Example 2 1.3 g of photographic gelatin was added to 2 parts of water and allowed to swell for 45 minutes. 0.5 g of 2-ethylimidazole was added to improve contrast and the mixture was heated to 80°C while stirring. 80 g of behenic acid and 0.5 ml of concentrated nitric acid were added to 5 ml of water. CdBr ₂ 2.01g and
A solution of 3.22 g of NH ₄ Br in 0.2 g of water was added to the heated mixture. A solution of 8.94 g of AgNO ₃ in 0.20 g of water was added to the acid and halide mixture with continued stirring. LiOH2.5g and NaOH
(7.2 g) was dissolved in 0.60 g of water and added to the silver halide and behenic acid mixture, then cooled to 35°C. 0.89 g of CdI ₂ dissolved in 0.10 g of water was added into the mixture, and then a solution of 39.5 g of AgNO ₃ in 0.40 g of water was added into the mixture. This was washed twice with water and then dried at 32°C for 7 days. A yellow-white powder was produced.

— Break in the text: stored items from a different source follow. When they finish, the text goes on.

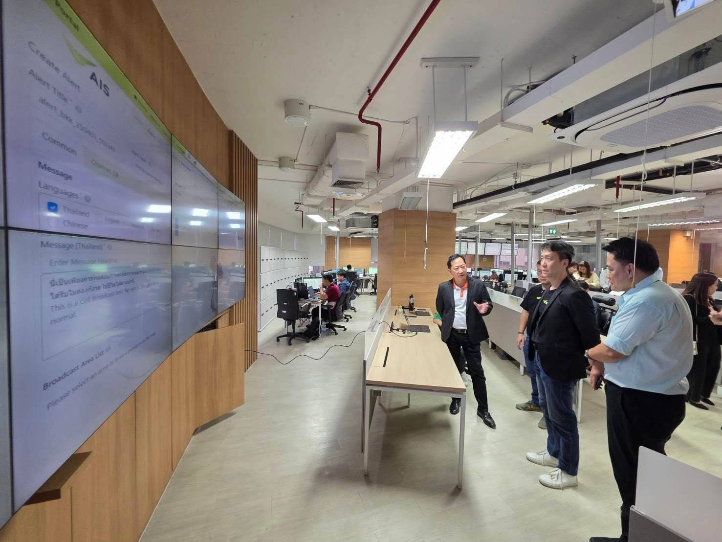 โดยมี นายภาสกร บุญญลักษม์ อธิบดีกรมป้องกันและบรรเทาสาธารณภัย ร่วมเยี่ยมชมการทดสอบที่ Network Operation Center (NOC) หรือศูนย์ปฏิบัติการเครือข่ายอัจฉริยะ พบว่าผลทดสอบเป็นไปตามเป้าหมาย พร้อมที่จะขยายผลเชื่อมโยงกับระบบเตือนภัยของประเทศได้อย่างเต็มประสิทธิภาพ ภายใต้การทำงานร่วมกับกรมป้องกันและบรรเทาสาธารณภัย (ปภ.) กระทรวงมหาดไทย และ กสทช.
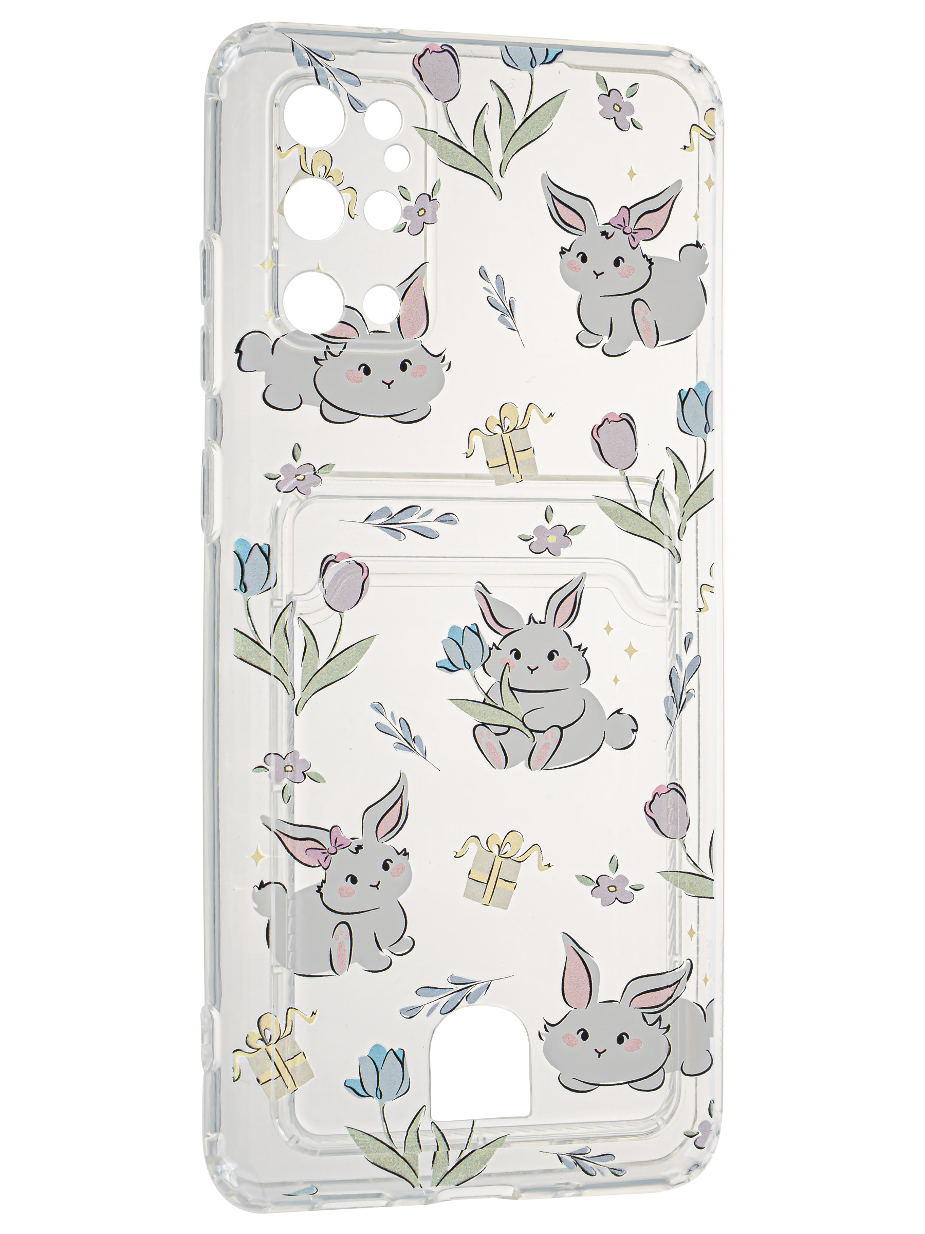 Силиконовый чехол Cardhold для Samsung Galaxy S20 Plus зайчата (с вырезом для карт)
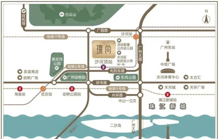 三地铁交织(5/6/11号线),距离6号线沙河顶站B出口约500米,1站至沙河站换乘广州大环线11号线,2站至区庄站换乘东西大动脉5号线。3站淘金,6站北京路、珠江新城。

A homogeneous material was prepared from 12 parts by weight of this powder, 60 parts by weight of methyl ethyl ketone, and 28 parts by weight of toluene.

200g of this homogeneous material is mixed with 23g of polyvinyl butyral.
and 2 ml of a 10% by weight methanol solution of HgBr ₂ (as an antifoggant). This solution was coated onto a polyethylene terephthalate substrate to a wet thickness of 6 mils and dried at 88°C for 3 minutes.

The second coating composition had the following formulation.

Methyl ethyl ketone 126ml Methylcellulose 63ml Phthalazinone (toner) 3g 1,1 [bis(2'-hydroxy-3',5'-dimethylphenyl-3,5,5-trimethylhexane)] (developer) 8.5g Phthalic acid 0.08g Vinyl acetate/vinyl chloride (50/50) copolymer
5 g of this composition was applied to the original, dry coating at a wet thickness of 3-1/2 mils and dried at 88 DEG C. for 3 minutes.

The photothermographic sheet was exposed to 1000 meter lamp 1 second sunlight as previously described and then developed at 126° C. for 90 seconds. Dmax2.6,
At a Dmin of 0.21 and a contrast of 1.0, the speed was approximately ASA1 with a substrate plus fog density of 0.1.

Example 3 No 2-ethylimidazole was used in the first coating solution, and the halide solution added to the mixture of gelatin, behenic acid, and water contained 2.01 g of CdBr ₂ ,
Example 2 was repeated, except that 3.38 g of NH ₄ Br and 0.48 g of NaI were used.

After making a sheet in the same way, expose and develop it.
I created an image with Dmax1.70 and Dmin0.26.

Claims (1)

[Claims] 1 A dispersion in which long-chain fatty acids are dispersed in water, with no alkali or ammonia salt of the acid present in the dispersion, and maintaining the acid at a temperature higher than its melting point but lower than its boiling point, and photosensitive. A photothermograph consisting of adding silver halide particles with stirring, converting the long-chain fatty acids into an alkali or ammonia salt of the acid, and converting the alkali or ammonia salt into a silver salt of the long-chain fatty acids by adding silver nitrate. Manufacturing method of Itsuku emulsion.